Appellant was employed by appellee as a rubber calendar operator from 1915 to 1924. In 1916 the appellee established a system "of suggestions and awards" whereby it invited its employees to submit suggestions pertaining to improvements in methods of production. These suggestions were received by a committee which made small awards for those that were approved. In May of 1921 appellant submitted the suggestion set out in the margin.[1] He had previously submitted other suggestions and received awards. Acting upon the one in question, appellee's experimental engineer, without any assistance or further suggestion from appellant, devised and perfected a knife attachment which was put into use and resulted in a considerable saving in the cost of operating calendars. After the device had been tried out, appellant was given an award of $250. This was paid to him August 5, 1921. Drawings of the device were finally completed and an application for a patent thereon made in the name of appellant. Appellant signed the application December 21, 1921, and at the same time assigned the patent to the appellee. In December, 1923, two years after the assignment, it was found necessary to file a method application. This application the appellant refused to sign, claiming that he had not received adequate compensation for the original.
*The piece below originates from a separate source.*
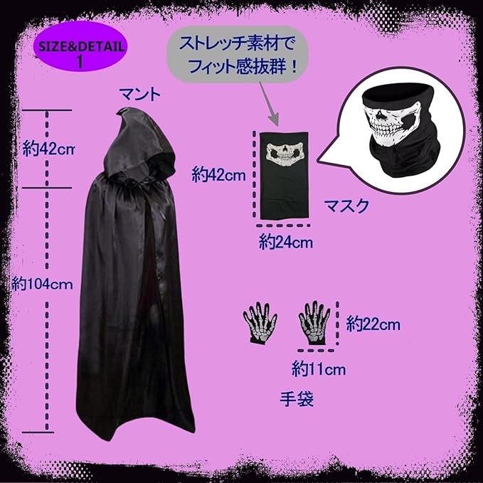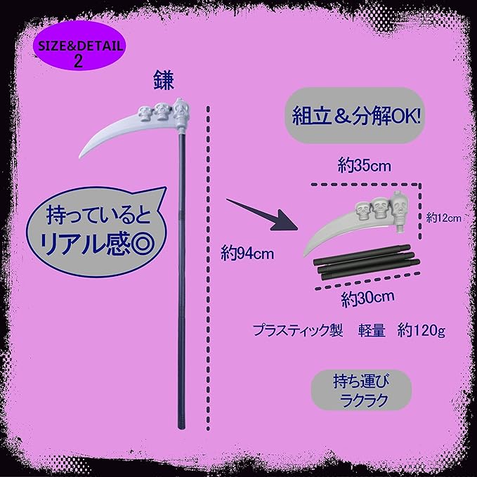 [APOSITV] 死神 コスプレ メンズ 衣装 マント 男 悪魔 ハロウィン コスチューム 4点セット 鎌 仮装 a

About the same time he was given and received an additional award of $250. In November of 1926 he brought this suit to cancel and set aside the assignment of December, 1921, upon the ground of fraud on the part of appellee in obtaining its execution. He also asked for an accounting and damages for appellee's use of the device from that date. Upon the trial the lower court denied the relief and dismissed the bill.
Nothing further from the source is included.